╭─ Material for this task

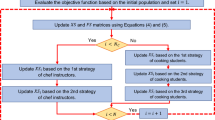 The second stage of the LCA update is based on the children and their mother selecting the chef, followed by watching a YouTube video to learn the chef’s style of cooking (Fig. 2). The selection of chefs is done by choosing a number of the best members from the mother population. The number of chefs is denoted by \(N_{Cf}\) which is decided using the formula \(N_{Cf} =\lfloor 0.1\cdot N_{MO}\cdot (1-\frac{t}{T})\rfloor \). The population members will move to the local search after selecting the chef and learning about their various cooking techniques. The \(N_{Cf}\) members of the LCA population are chosen as chefs in each iteration based on a comparison of the values of the objective function, as given in Eq. (7). This phase demonstrates the power of LCA to exploit global search.
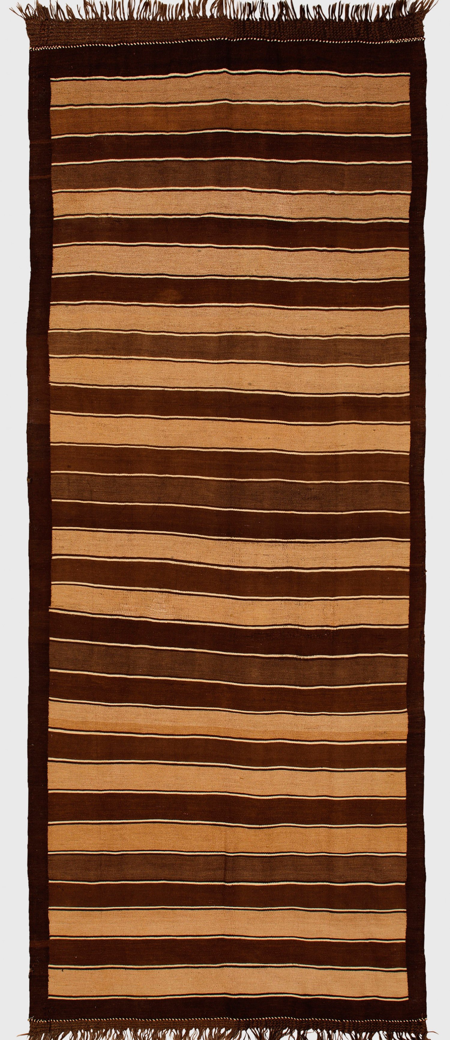 Türkei. Anatolien. Wolle auf Wolle, flach gewebt. Im Innenfeld flächendeckende Streifenmusterung in unterschiedlichen Braun- und Beigetönen, begrenzt von schmalen Borten. Umlaufend monchrome Rahmung. 405 cm x 153 cm.
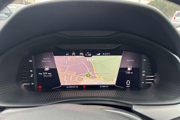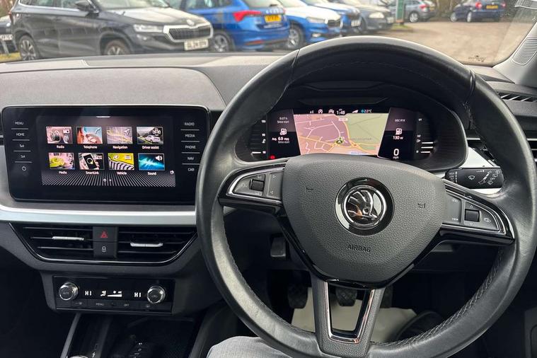 Amundsen satellite navigation with 9.2" touchscreen display, web radio and voice control, Blind Spot Detection (BAS), Bluetooth system, E-call, Front assist system, Lane assist, PAS, Service indicator, Speed limiter, Trip computer, Virtual cockpit with 10.25" display, Wireless SmartLink for Apple Car Play, 2 USB - C ports with 1x adaptor cable, Auxiliary input socket, DAB Digital radio, Auto dimming rear view mirror, Body colour bumpers, Body colour door mirrors and handles, Chrome grille surround, Electric folding door mirrors, Electrically adjustable and heated door mirrors, Front and rear electric windows, Headlight range control, Heated rear window, High functionality rear led lights with dynamic indicators, Light and rain sensors, Privacy glass, Rear fog lights, Rear wiper, 12V Accessory socket in centre console, Chrome inner door handles, Dual zone climate control, Front gesture control, Front head restraints, Glove compartment with illumination, Ice scraper, Isofix child seat fittings on outer rear seats, ISOFIX on front passenger seat, Manual lumbar support for front seats, Pollen filter, Rake/reach adjustable steering wheel, Reading lights for driver and front passenger, Sun visor with make up mirror for front passenger, Textile floor mats, Third rear headrest, Top tether for front passenger seat, Umbrella in driver's door, 3x3 point rear seatbelts, Airbags - driver and front passenger, ESP, Front passenger airbag deactivation switch, Front side airbags with curtain airbags, Hill hold control, Manual parking brake, One tone horn, Rear disc brakes, Seatbelt reminder for driver an co-driver, Traction control, Tyre pressure monitor, Alarm with interior monitoring, back up horn and tilt sensor with safe function and towing protection, Anti-theft wheel bolts, Immobiliser, Remote central locking with SAFE system,
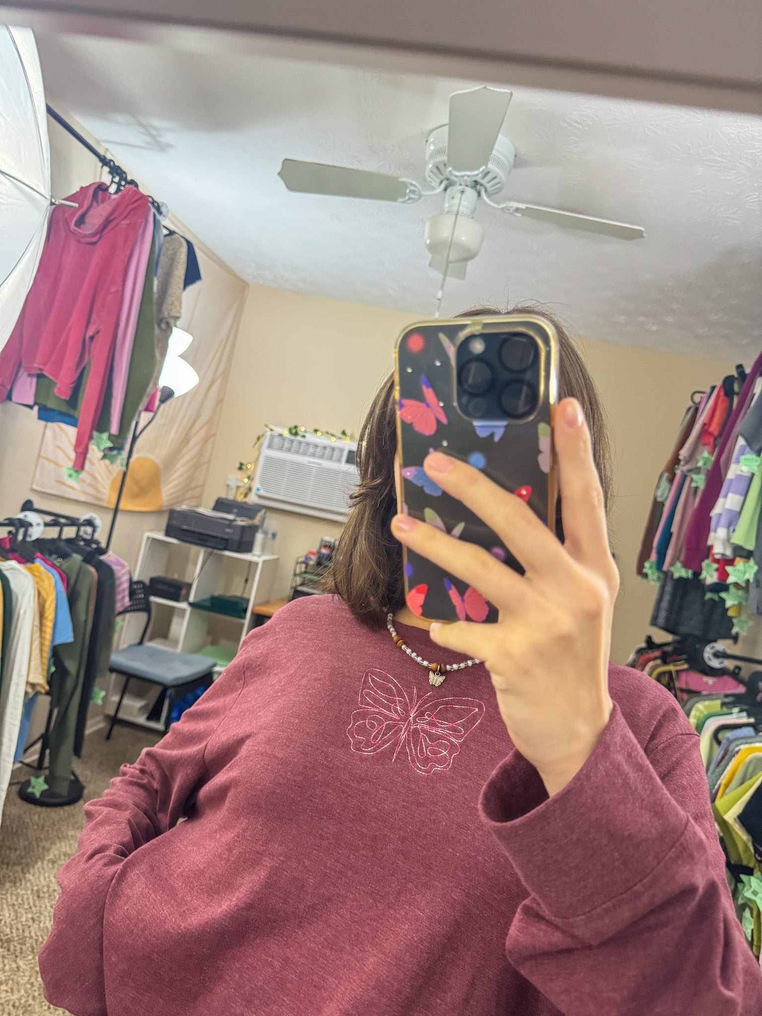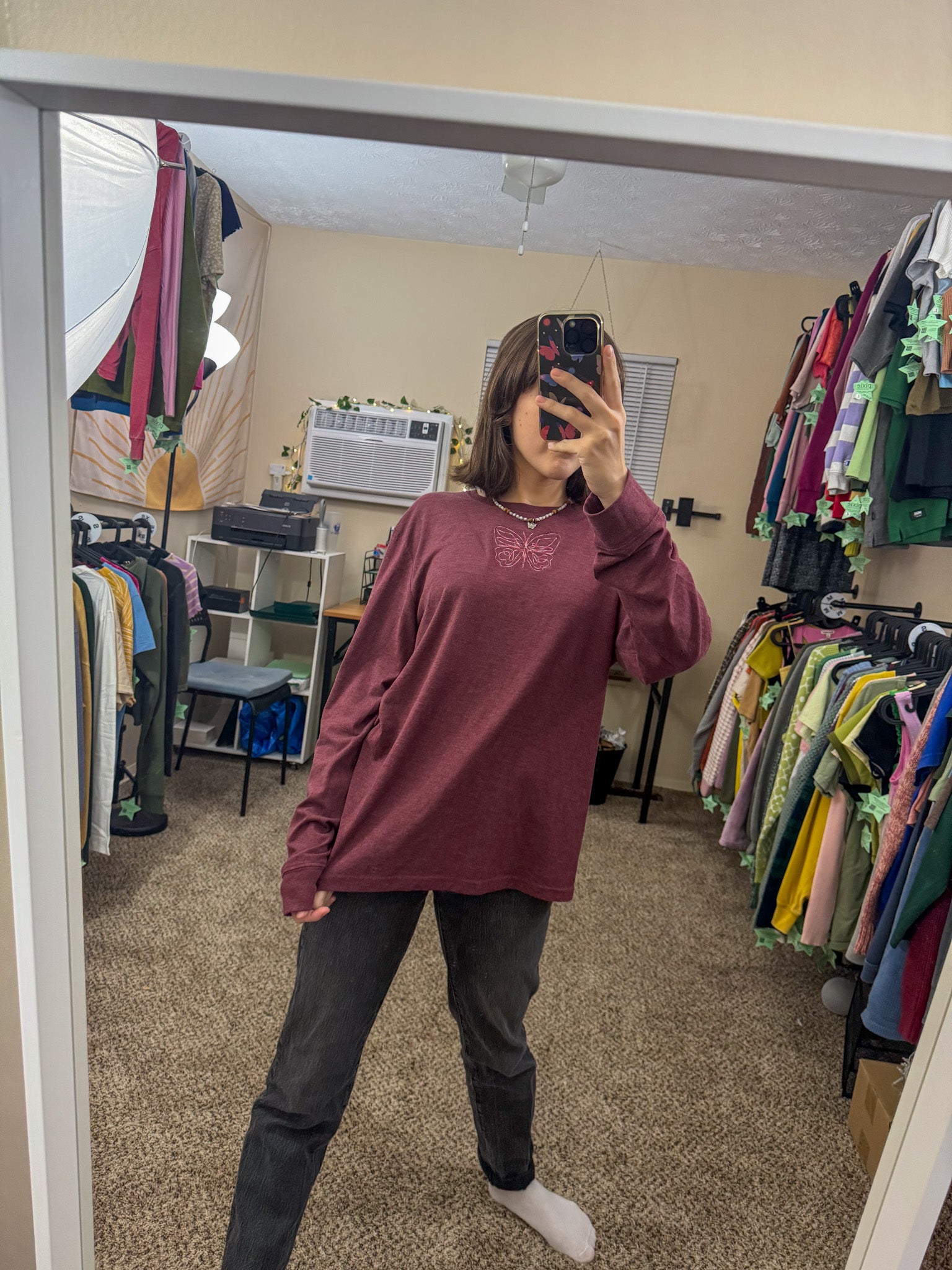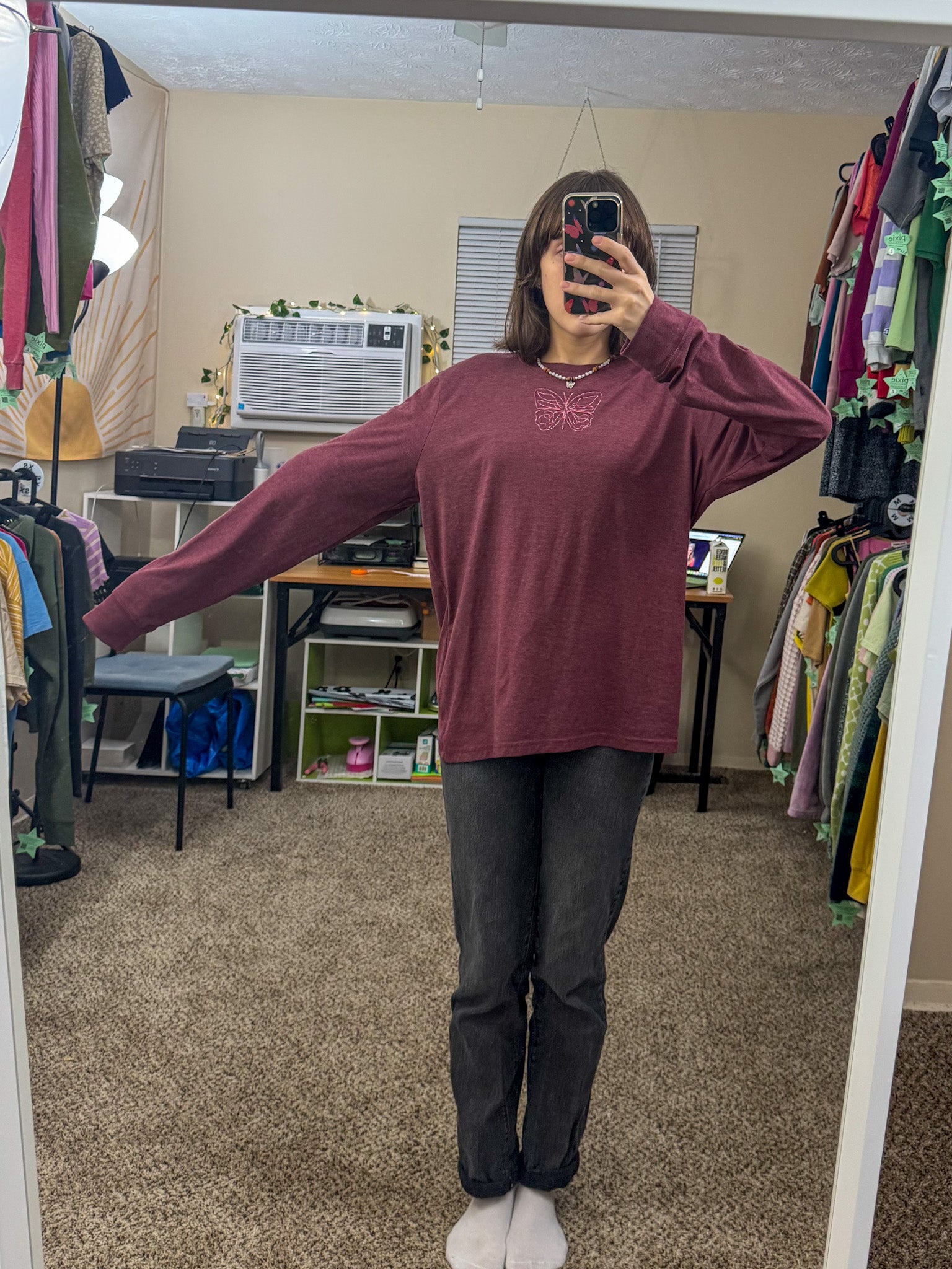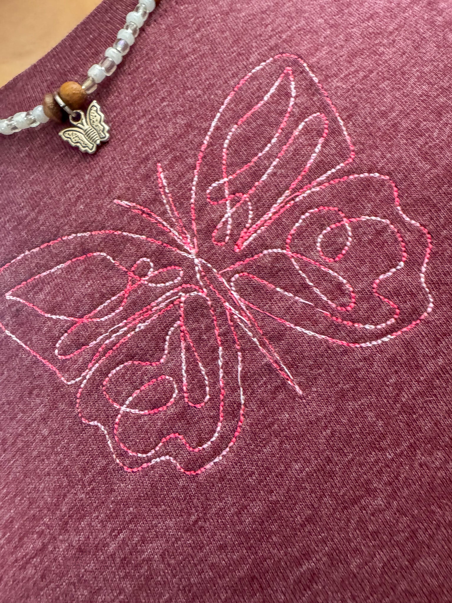 Be the life of any party with our One Line Butterfly Long Sleeve! Unique and playful, this top is embroidered by us, making it one-of-a-kind. Not only will you look good, but you'll also be supporting our small business and sustainable fashion by wearing an upcycled, secondhand garment. Slow fashion never looked so good!
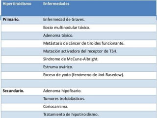Este documento describe varias patologías de la tiroides, incluyendo su anatomía, función, irrigación e inervación. Explica las causas del hipotiroidismo como la enfermedad de Hashimoto y del hipertiroidismo como la enfermedad de Graves. También describe diferentes tipos de tiroiditis como la aguda, subaguda y crónica, así como el bocio endémico y el hipotiroidismo yódico.
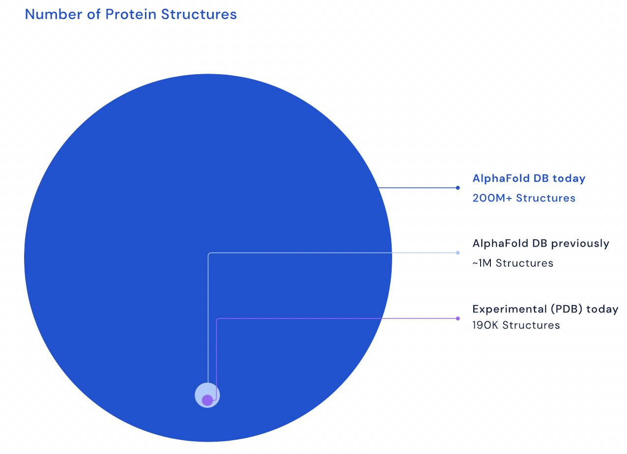 2022 年 7 月,DeepMind 發布了幾乎所有科學已知的蛋白質預測結構,總共超過 2 億個,除了人類,其中還包括了植物、細菌、動物和其他生物體的預測結構。
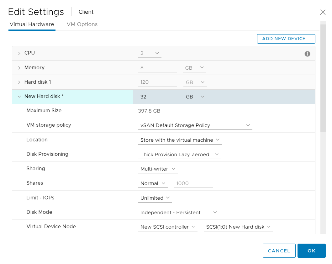 Click ADD NEW DEVICE > Hard Disk with the following settings.
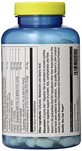 Studio : Nature's Life Publisher : Nature's Life Binding : Health and Beauty Product Description Enzyme Aid Digestive Tablets are specifically formulated to aid in the digestion of carbohydrates, fats, and proteins. Nature's Life combines Pancreatin, Ox Bile, Pepsin, Lipase and other substances which may enhance the digestive process. Improper digestion of nutrients can lead to malnutrition and indigestion. Nature's Life Enzyme Aid Digestive may prevent bloating and flatulence, heartburn, and epigastric pain. By providing the body with enzymes and acids essential to healthy digestion. Enzyme Aid Digestive Tablets may not only prevent but relieve indigestion, this product may also promote the body's ability to efficiently absorb nutrients. 0
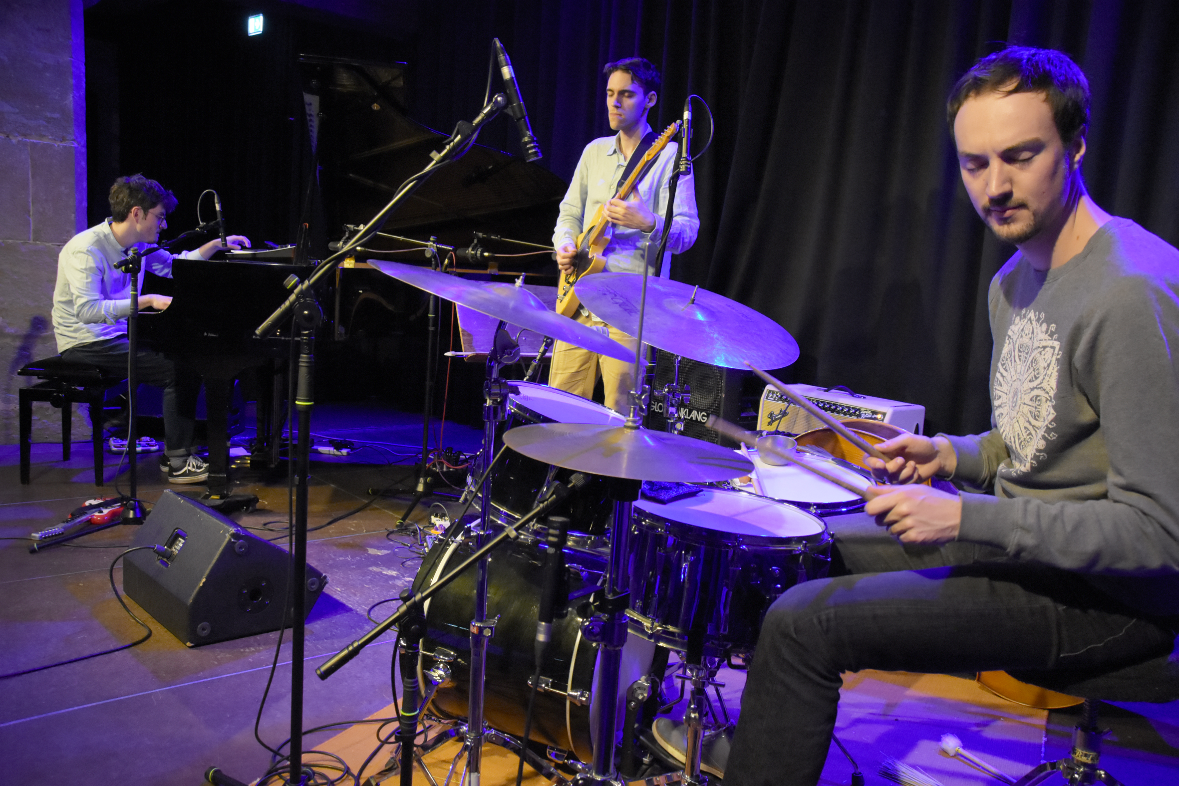 Eine gehörige Portion Enthusiasmus und künstlerischer Ehrgeiz. Abgesehen von Musikalität und technischer Brillanz, sind das die Eigenschaften die das britische Elliot Galvin Trio nach Regensburg geführt haben müssen. Zwischen London, wo sie öfter auftreten, Manchester und Paris, dort gastieren sie demnächst, war der Leere Beutel der einzige Auftrittsort in ganz Deutschland. Und der Jazzclub hat mit den, auf dem Kontinent noch unbekannten, jungen Musikern eine gute Nase für Talente bewiesen.
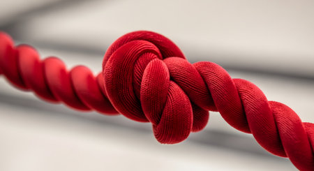 A macro, close-up shot of a thick, luxurious red rope with a complex, tight knot in the center. The detailed texture of the corduroy or velvet material is visible under soft lighting. This image can symbolize connection, strength, a problem, or an unbreakable bond.
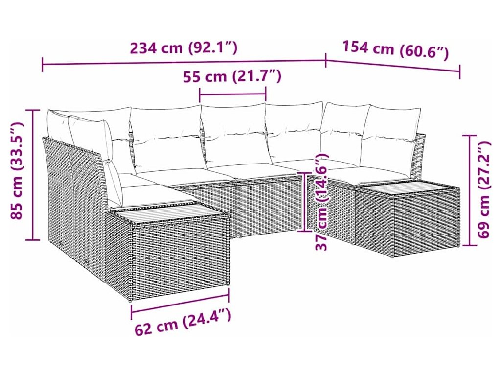 | 2 x Rohový sedák: | 62 x 62 x 85 cm (Š x H x V) |
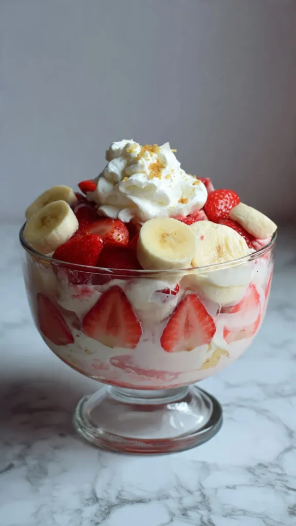 Transfer the salad to your serving bowl. If desired, top with crushed graham crackers for a “crust” element, extra mini marshmallows for sweetness and texture, or a dollop of fresh whipped cream. Garnish with reserved fruit slices. Serve immediately or keep chilled until ready to serve. This salad is best enjoyed the same day while fruit is fresh and bananas haven’t discolored.
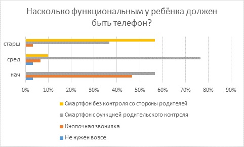 Функция родительского контроля – обязательное требование к смартфонам, которыми ИБ-родители готовы снабдить своих детей. Телефон в бесконтрольное пользование детям из начальной школы не готов доверить ни один из опрошенных, в средней школе – только 10%. Да и у старшеклассников в смартфоне должна быть функция родительского контроля, считает 43% опрошенных.
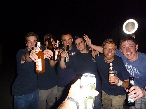 Ohne Nachttischlampe wird es hier sehr dunkel. Ich verabschiede mich von den netten Leuten und treffe Dennis, den Newcomer wieder. Ihm ist alles widerfahren, was ich vor Stunden prophezeit habe. Mit leichterem Magen ist er nun wieder ganz gut dabei.
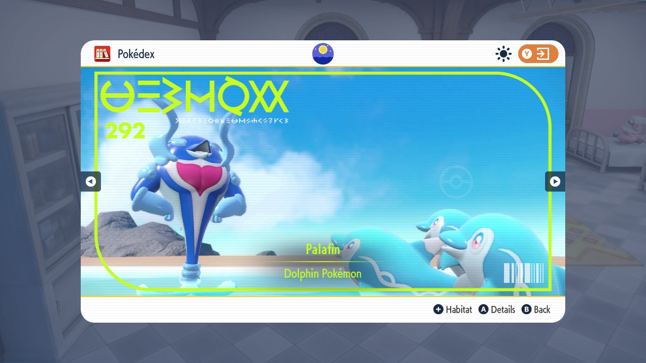 Note that Palafin also has a “hero form,” which bulks it up quite a bit. You can only use this in battles with the ability “Zero to Hero,” which enacts after you swap it out while it’s still alive. Hero form still counts as the same Pokedex entry and cannot be used out of battle, but it’s something to keep in mind!

╰─

*What you are asked to do*
Your task is to transcribe all of the records precisely, with no images included.

*Finished exercise*
 The second stage of the LCA update is based on the children and their mother selecting the chef, followed by watching a YouTube video to learn the chef’s style of cooking (Fig. 2). The selection of chefs is done by choosing a number of the best members from the mother population. The number of chefs is denoted by \(N_{Cf}\) which is decided using the formula \(N_{Cf} =\lfloor 0.1\cdot N_{MO}\cdot (1-\frac{t}{T})\rfloor \). The population members will move to the local search after selecting the chef and learning about their various cooking techniques. The \(N_{Cf}\) members of the LCA population are chosen as chefs in each iteration based on a comparison of the values of the objective function, as given in Eq. (7). This phase demonstrates the power of LCA to exploit global search.
 Türkei. Anatolien. Wolle auf Wolle, flach gewebt. Im Innenfeld flächendeckende Streifenmusterung in unterschiedlichen Braun- und Beigetönen, begrenzt von schmalen Borten. Umlaufend monchrome Rahmung. 405 cm x 153 cm.
 Amundsen satellite navigation with 9.2" touchscreen display, web radio and voice control, Blind Spot Detection (BAS), Bluetooth system, E-call, Front assist system, Lane assist, PAS, Service indicator, Speed limiter, Trip computer, Virtual cockpit with 10.25" display, Wireless SmartLink for Apple Car Play, 2 USB - C ports with 1x adaptor cable, Auxiliary input socket, DAB Digital radio, Auto dimming rear view mirror, Body colour bumpers, Body colour door mirrors and handles, Chrome grille surround, Electric folding door mirrors, Electrically adjustable and heated door mirrors, Front and rear electric windows, Headlight range control, Heated rear window, High functionality rear led lights with dynamic indicators, Light and rain sensors, Privacy glass, Rear fog lights, Rear wiper, 12V Accessory socket in centre console, Chrome inner door handles, Dual zone climate control, Front gesture control, Front head restraints, Glove compartment with illumination, Ice scraper, Isofix child seat fittings on outer rear seats, ISOFIX on front passenger seat, Manual lumbar support for front seats, Pollen filter, Rake/reach adjustable steering wheel, Reading lights for driver and front passenger, Sun visor with make up mirror for front passenger, Textile floor mats, Third rear headrest, Top tether for front passenger seat, Umbrella in driver's door, 3x3 point rear seatbelts, Airbags - driver and front passenger, ESP, Front passenger airbag deactivation switch, Front side airbags with curtain airbags, Hill hold control, Manual parking brake, One tone horn, Rear disc brakes, Seatbelt reminder for driver an co-driver, Traction control, Tyre pressure monitor, Alarm with interior monitoring, back up horn and tilt sensor with safe function and towing protection, Anti-theft wheel bolts, Immobiliser, Remote central locking with SAFE system,
 Be the life of any party with our One Line Butterfly Long Sleeve! Unique and playful, this top is embroidered by us, making it one-of-a-kind. Not only will you look good, but you'll also be supporting our small business and sustainable fashion by wearing an upcycled, secondhand garment. Slow fashion never looked so good!
Este documento describe varias patologías de la tiroides, incluyendo su anatomía, función, irrigación e inervación. Explica las causas del hipotiroidismo como la enfermedad de Hashimoto y del hipertiroidismo como la enfermedad de Graves. También describe diferentes tipos de tiroiditis como la aguda, subaguda y crónica, así como el bocio endémico y el hipotiroidismo yódico.
 2022 年 7 月,DeepMind 發布了幾乎所有科學已知的蛋白質預測結構,總共超過 2 億個,除了人類,其中還包括了植物、細菌、動物和其他生物體的預測結構。
 Click ADD NEW DEVICE > Hard Disk with the following settings.
 Studio : Nature's Life Publisher : Nature's Life Binding : Health and Beauty Product Description Enzyme Aid Digestive Tablets are specifically formulated to aid in the digestion of carbohydrates, fats, and proteins. Nature's Life combines Pancreatin, Ox Bile, Pepsin, Lipase and other substances which may enhance the digestive process. Improper digestion of nutrients can lead to malnutrition and indigestion. Nature's Life Enzyme Aid Digestive may prevent bloating and flatulence, heartburn, and epigastric pain. By providing the body with enzymes and acids essential to healthy digestion. Enzyme Aid Digestive Tablets may not only prevent but relieve indigestion, this product may also promote the body's ability to efficiently absorb nutrients. 0
 Eine gehörige Portion Enthusiasmus und künstlerischer Ehrgeiz. Abgesehen von Musikalität und technischer Brillanz, sind das die Eigenschaften die das britische Elliot Galvin Trio nach Regensburg geführt haben müssen. Zwischen London, wo sie öfter auftreten, Manchester und Paris, dort gastieren sie demnächst, war der Leere Beutel der einzige Auftrittsort in ganz Deutschland. Und der Jazzclub hat mit den, auf dem Kontinent noch unbekannten, jungen Musikern eine gute Nase für Talente bewiesen.
 A macro, close-up shot of a thick, luxurious red rope with a complex, tight knot in the center. The detailed texture of the corduroy or velvet material is visible under soft lighting. This image can symbolize connection, strength, a problem, or an unbreakable bond.
 | 2 x Rohový sedák: | 62 x 62 x 85 cm (Š x H x V) |
 Transfer the salad to your serving bowl. If desired, top with crushed graham crackers for a “crust” element, extra mini marshmallows for sweetness and texture, or a dollop of fresh whipped cream. Garnish with reserved fruit slices. Serve immediately or keep chilled until ready to serve. This salad is best enjoyed the same day while fruit is fresh and bananas haven’t discolored.
 Функция родительского контроля – обязательное требование к смартфонам, которыми ИБ-родители готовы снабдить своих детей. Телефон в бесконтрольное пользование детям из начальной школы не готов доверить ни один из опрошенных, в средней школе – только 10%. Да и у старшеклассников в смартфоне должна быть функция родительского контроля, считает 43% опрошенных.
 Ohne Nachttischlampe wird es hier sehr dunkel. Ich verabschiede mich von den netten Leuten und treffe Dennis, den Newcomer wieder. Ihm ist alles widerfahren, was ich vor Stunden prophezeit habe. Mit leichterem Magen ist er nun wieder ganz gut dabei.
 Note that Palafin also has a “hero form,” which bulks it up quite a bit. You can only use this in battles with the ability “Zero to Hero,” which enacts after you swap it out while it’s still alive. Hero form still counts as the same Pokedex entry and cannot be used out of battle, but it’s something to keep in mind!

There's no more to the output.